They are left in the waiting room of poverty, where democracy does not get a look in. For if you live in poverty you are outside of society, unable to choose because choice is narrowed down to nothing.
Will our political separation from Europe bring us any nearer to the Valhalla of a poverty-free world? Will we always have the poor with us? Will Brexit deepen poverty or will it help end it for enough people to make it seem that it was a smart move?
A process of vigorous acceptance of Brexit is what I would advocate, largely because of the spilt-milk metaphor. We cannot look behind. Our ill-functioning democracy made a decision and now we must strenuously make a go of it. Else we will lose even the economic elastic in our economy to pay the amounts we do pay for people in need.

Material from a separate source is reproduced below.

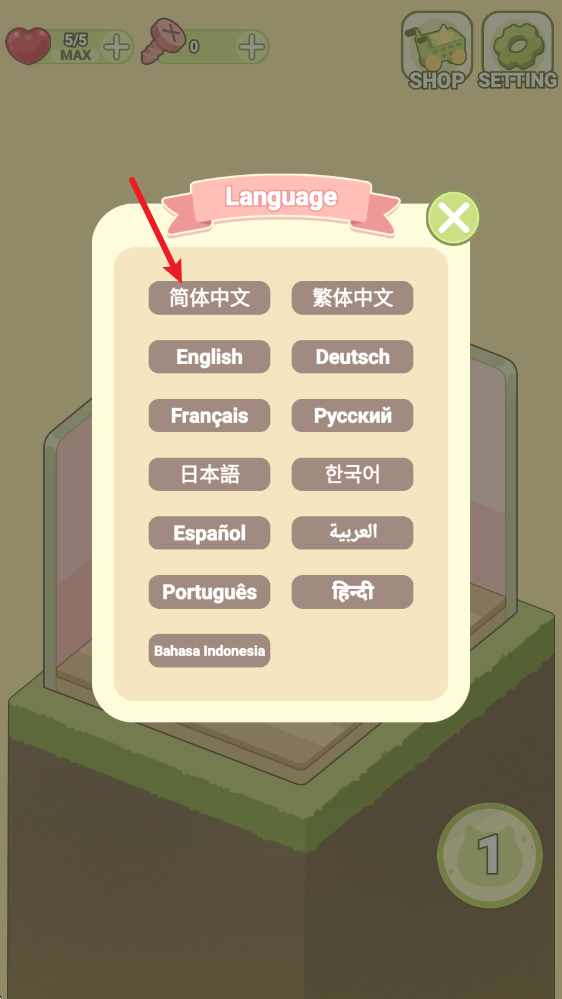 3、进入之后找到简体中文,点击后将会重启游戏。

Not only are government departments not very good at ending poverty, our much-stretched NHS is no good at stopping people getting ill. They must put up with the illnesses that we have that could easily be phased out by ending sugar’s domination, and cigarettes’ and super-strength lager’s rule, to name but a few.
If the NHS could teach us all to get up in the morning and do tai chi and have a healthy food regime, then we might see a fall in obesity and other largely diet-related illnesses. But that would take a revolution in our thinking and doing.

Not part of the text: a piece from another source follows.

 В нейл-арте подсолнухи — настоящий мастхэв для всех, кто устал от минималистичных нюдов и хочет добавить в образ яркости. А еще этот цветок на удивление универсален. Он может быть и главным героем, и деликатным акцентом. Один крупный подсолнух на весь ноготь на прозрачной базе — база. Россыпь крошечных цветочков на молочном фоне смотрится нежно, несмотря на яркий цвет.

But hang on! We’ve just separated ourselves from the continent! Maybe we could have a revolution! We could become an island of healthy eaters and healthy doers! We could totally reform the NHS so that it has less people to cater for! We could reform the prison system so that people went in bad and came out good! We could address the appalling situation where we fail 30 per cent of our children at school so as you’d never believe they had been to one! We could use that precious thing called the social security system to produce social opportunity and real security!
Let’s make the best of what almost half of the 72 per cent who voted call a bad job! Let’s revolutionise our thinking so that government gets it right, communities get it right and we get it right!
Yes! An intellectual, social revolution where, instead of us imitating the outside world’s continuation of poverty, our island demolishes it completely!
Then Nippit-in-the-bud might have a final chapter where he does redirect history! And we do take the magical step to dismantling poverty at last!